How to webscrapping a site that has POST method?
I'm having trouble doing webscrapping
for sites that use the post
method, for example, I need to extract all political party related news from the site: http://www.diariodemarilia.com.br .
Below is a Schedule I made from a journal that uses the get
Method to show what my goal is with this schedule.
# iniciar bibliotecas
library(XML)
library(xlsx)
# URL real = http://www.imparcial.com.br/site/page/2?s=%28PSDB%29
url_base <-"http://www.imparcial.com.br/site/page/koxa?s=%28quatro%29"
url_base <- gsub("quatro", "PSD", url_base)
link_imparcial <- c()
for (i in 1:4){
print(i)
url1 <- gsub("koxa", i, url_base)
pag<- readLines(url1)
pag<- htmlParse(pag)
pag<- xmlRoot(pag)
links <- xpathSApply(pag, "//h1[@class='cat-titulo']/a", xmlGetAttr, name="href")

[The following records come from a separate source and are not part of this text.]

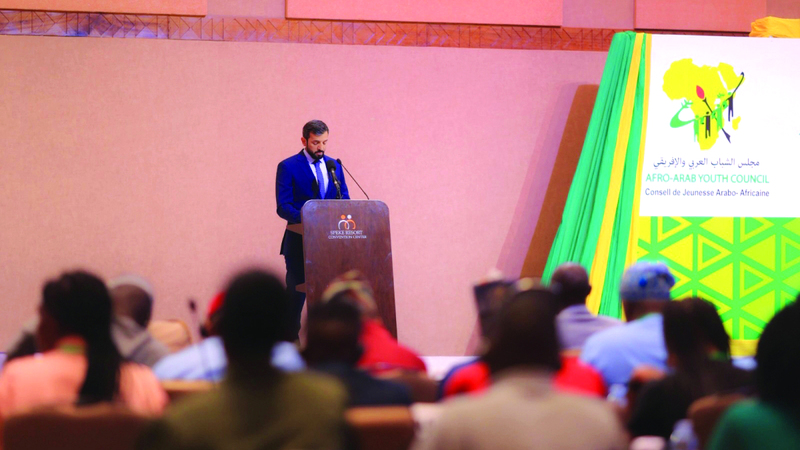 النيادي خلال مشاركته في أعمال مؤتمر «مجلس الشباب العربي والإفريقي». وام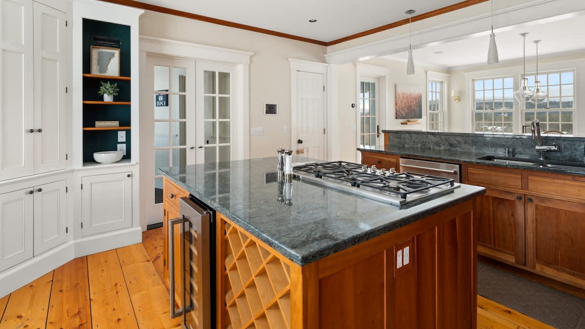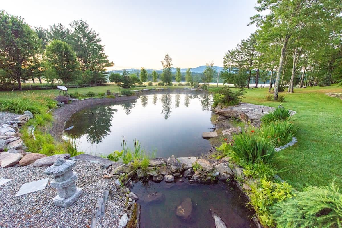 Outside, all 10.5 acres are yours to explore- including granite paths, stone walls, sculptures, waterfalls, two ponds and tea house. Located just a short drive to Stowe Mountain Lodge and 0.8 miles from the shops and restaurants on Mountain Road, the Modern Farmhouse offers everything you could want for a peaceful family vacation or adventure-filled mountain getaway!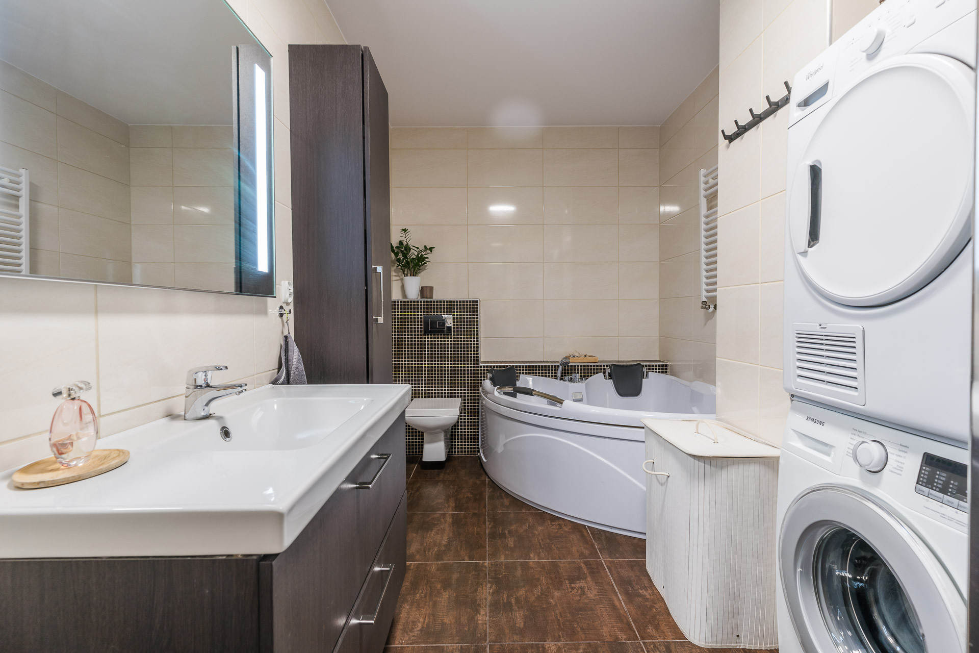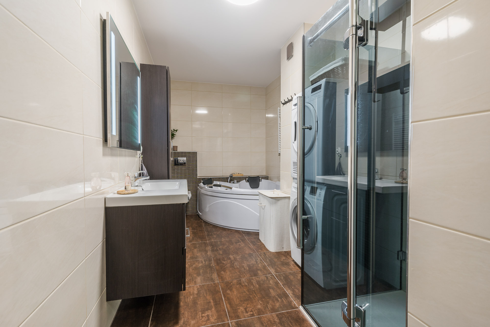 – łazienka (10,06 m2) z WC, narożną wanną, prysznocem, pralka, suszarką, umywalką, lustrem, grzejnikiem drabinkowym,

link_imparcial <- c(link_imparcial, links)
}
dados <- data.frame()
for(links in link_imparcial){
pag1<- readLines (links)
pag1<- htmlParse(pag1)
pag1<- xmlRoot(pag1)
titulo <- xpathSApply (pag1, "//div[@class='titulo']/h1", xmlValue)
data_hora <-xpathSApply (pag1, "//span[@class='data-post']", xmlValue)
texto <- xpathSApply (pag1, "//div[@class='conteudo']/p", xmlValue)
dados <- rbind(dados, data.frame(titulo, data_hora, texto))
}
agregar <-
aggregate(dados$texto,list(dados$titulo,dados$data_hora),paste,collapse=' ')
#definir diretorio
setwd("C:\\Users\\8601314\\Documents")
# salvar em xlsx
write.xlsx(agregar, "PSDB.xlsx", col.names = TRUE, row.names = FALSE)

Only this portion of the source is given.